FST distribution for deleterious and nondeleterious SNPs.

Figure 4.

Figure 4

Distribution of FST along chromosome 1. Black dots represent SNPs in the top 1% of FST and those predicted to be deleterious are surrounded in red.

Comparisons of the predicted deleterious SFS between stiff-stalk, non-stiff stalk, and tropical groups (Figure 5) mirrored patterns of between-group FST, revealing few fixed differences between groups and generally low frequencies within groups, as well as higher differentiation in comparisons involving the stiff-stalk group.

Figure 5.

Figure 5

Joint site frequency spectrum of stiff-stalk, non-stiff stalk, and tropical genetic groups. Axes represent the frequency of the predicted deleterious alleles in a group and colors show the proportion of SNPs at a given frequency.

Observed frequencies of deleterious SNPs in different populations (Figure 5) may help explain patterns of hybrid vigor. Although FST is generally low, inbreds from different genetic groups are nonetheless likely to share fewer deleterious variants than inbreds from the same group, and heterosis is higher among crosses between groups (Figure S5). Nonetheless, even crosses among inbreds from the same genetic group show evidence of heterosis (Figure S5), likely due to the large number of deleterious SNPs segregating at low frequencies within individual populations.

Effect of deleterious mutations on traits of interest

To investigate the contribution of predicted deleterious alleles to observed levels of heterosis and inbreeding depression, we performed a genome-wide association analysis of 17 traits evaluated in two populations (see the section Materials and Methods). Analyses were carried out using the genetic values of inbred lines and both mid-parent and best-parent heterosis. Genome-wide association results using the genetic values of inbred lines identified between 219 (cob diameter) and 598 (cob length) significant SNPs with a high proportion of genic loci (up to 70%) but little evidence for significant enrichment of predicted deleterious SNPs (Table 1 and Table S4).

Table 1. Total number of significant SNPs in genic regions (n) and fold enrichment (f) for deleterious SNPs in population A.

Inbreds
BPH
MPH
Traits n f n f n f
Days to tasseling 475 1.05 3372 1.15a 1123 1.12
Tassel length 458 0.81 297 1.21 365 1.16
Tassel branch count 300 0.98 4077 0.98 1257 1.12
Tassel angle 244 1.11 490 0.93 646 1.18
Plant height 282 0.92 18068 0.98 9712 0.93
Upper leaf angle 415 1.20 8927 0.99 2266 1.12
Leaf width 289 1.21 1064 1.16 1051 1.01
Leaf length 389 1.14 4256 0.93 2257 1.07
Kernel height 292 1.10 8752 1.08 4512 1.01
Stem puncture resistance 258 0.79 443 1.04 375 0.93
Plant yield 257 1.50 7440 1.12a 7007 1.14a
Ear length 231 0.89 605 1.11a 907 1.00
10 kernel weight 298 1.29 709 1.15 761 1.30
Cob diameter 219 1.04 4363 1.16a 405 0.88
Cob weight 228 1.09 1746 0.93 519 0.69
Kernel weight 256 0.88 3781 0.98 2045 0.95

SNP, single-nucleotide polymorphism; BPH, best-parent heterosis; MPH, mid-parent heterosis.

a

Statistically significant (Fisher’s exact test P < 0.05).

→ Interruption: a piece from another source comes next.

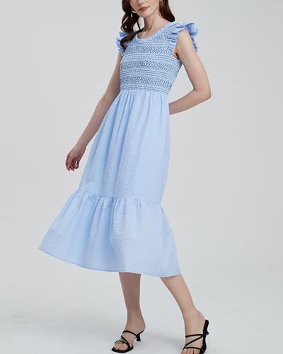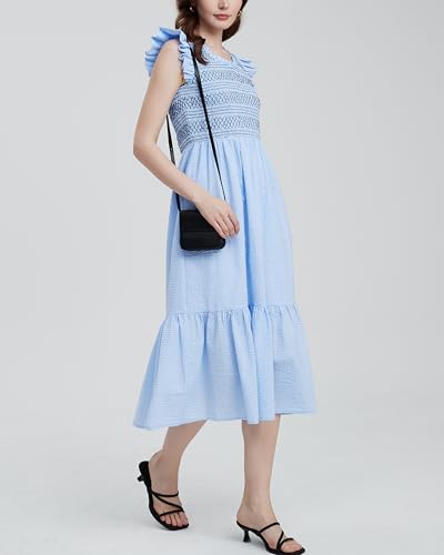 Women's Embroidered Smocked Midi Dress Casual Boho Ruffle Sleeve Crewneck Long Flowy Summer Dress 1

Results for association between SNP heterozygosity and heterosis showed highly variable numbers of significant loci (Table 1 and Table S4), also with a high proportion of genic SNPs (up to 74%). Significant loci explained between 4 and 40% of the observed phenotypic variation in heterosis, although these values are likely inflated due to small sample size (Beavis 1994). The greatest numbers of associated SNPs were observed for plant height and yield-related traits, which also showed the greatest levels of observed heterosis. Furthermore, most traits exhibited some enrichment (5−45%) of predicted deleterious SNPs and the enrichment was statistically significant for whole plant yield and days to tasseling. These enrichment results hold even after an FDR control at 20% and similar enrichments were observed when comparing nonsynonymous deleterious with nonsynonymous nondeleterious SNPs (data not shown). Although crosses to both Mo17 and B73 showed evidence of enrichment in population B, only crosses to B73 were statistically significant, likely due to the lower number of deleterious SNPs identified in the stiff-stalk heterotic group.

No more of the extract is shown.